The Pew poll is devastating, just devastating. Before the debate, Obama had a 51—43 lead; now, Romney has a 49—45 lead. That's a simply unprecedented reversal for a candidate in October. Before Obama had leads on every policy issue and personal characteristic; now Romney leads in almost all of them. Obama's performance gave Romney a 12 point swing! I repeat: a 12 point swing.

Romney's favorables are above Obama's now. Yes, you read that right. Romney's favorables are higher than Obama's right now. That gender gap that was Obama's firewall? Over in one night.

Terribly demoralized over the results of a single non-Rasmussen poll (he dismisses those out of hand) the superlatives come out flying:

Look: I'm trying to rally some morale, but I've never seen a candidate this late in the game, so far ahead, just throw in the towel in the way Obama did last week—throw away almost every single advantage he had with voters and manage to enable his opponent to seem as if he cares about the middle class as much as Obama does. How do you erase that imprinted first image from public consciousness: a president incapable of making a single argument or even a halfway decent closing statement? And after Romney's convincing Etch-A-Sketch, convincing because Obama was incapable of exposing it, Romney is now the centrist candidate, even as he is running to head up the most radical party in the modern era.

What "imprinted first image" is he talking about? He's gotten so upset about Obama's debate performance (a week later) that it's unclear what he even means. For whom was this debate their first impression of Obama? And the idea that the increasingly fractured Republican Party is "the most radical party in the modern era" is amusingly absurd. Their candidate invented ObamaCare and worries about "garage-based businesses" not being regulated by the government. If only the GOP actually were radical.

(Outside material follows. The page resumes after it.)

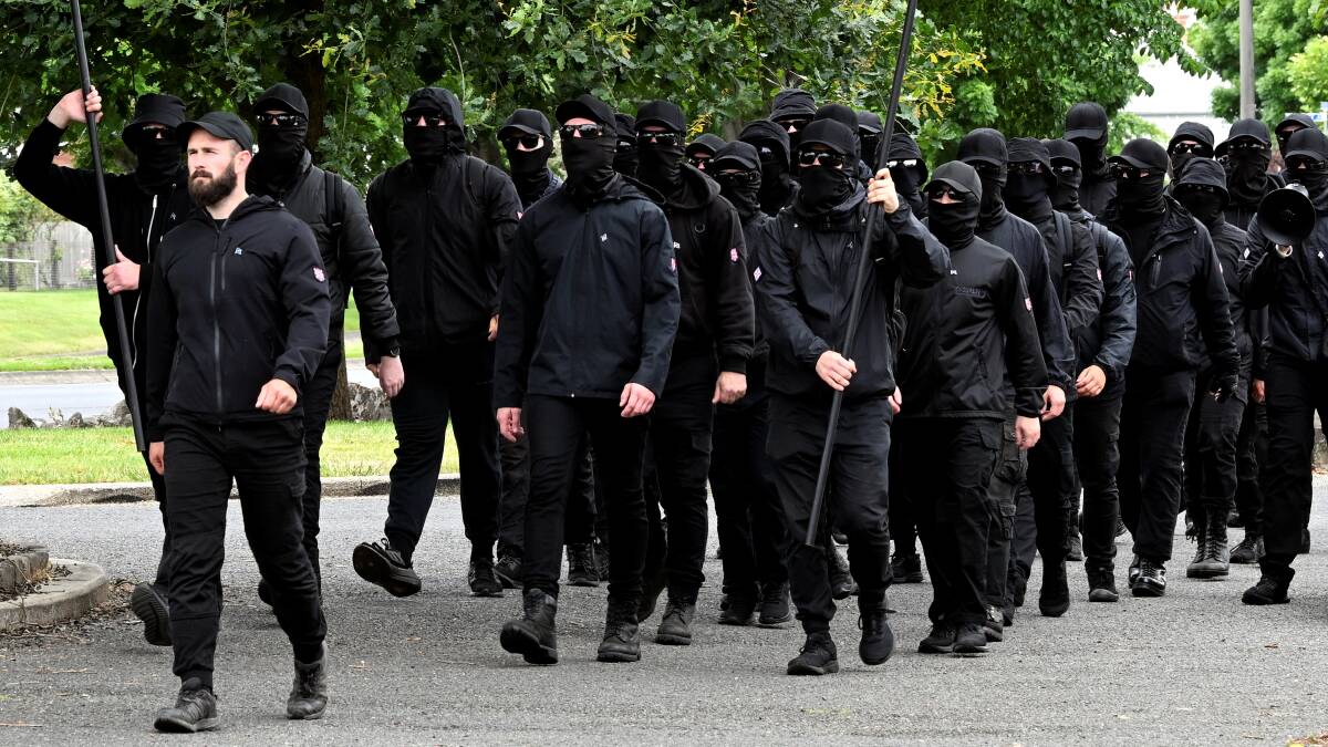 The picture above shows a a very recent march of neo-Nazis in Bendigo, a country town in Australia. Nazi symbolism, including the Nazi salute, are banned there by law. But they can still get their message across with their black outfits, nearly-Nazi symbolism, and hate speech.

Matt Drudge picked up Sullivan's freak-out and placed it as his top story this morning. His blog readers are having hissyfits right back at him:

It's one poll—calm down.  He is up five in the Gallup Daily tracking and made up some ground in Rasmussen as well.

His response:

Or as another puts it, "The polls are volatile, but as Obama supporters we shouldn't be." I'm an Obama supporter but also a journalist and blogger. I'm not going to spin for anyone. Leave that to other sites. This one is biased toward my thoughts and feelings but balanced by yours. I'm not on the Obama campaign team, I don't belong to any party, and I feel I have a duty to say what I think when I think it, and let the chips fall where they may. I don't think, in the long run, you'd want me to blog the way true partisans do.

Yeah, this is the guy who declared Obama to be the first "gay president" on the basis of finally agreeing with about half the population that gay marriage is okay and last month wrote a Newsweek cover story about Obama titled "The Democrats' Reagan." Having an emotional meltdown over Obama's poll numbers and debate performance may not count as pure partisanship, but it does indicate an unhealthy attachment toward a political authority figure.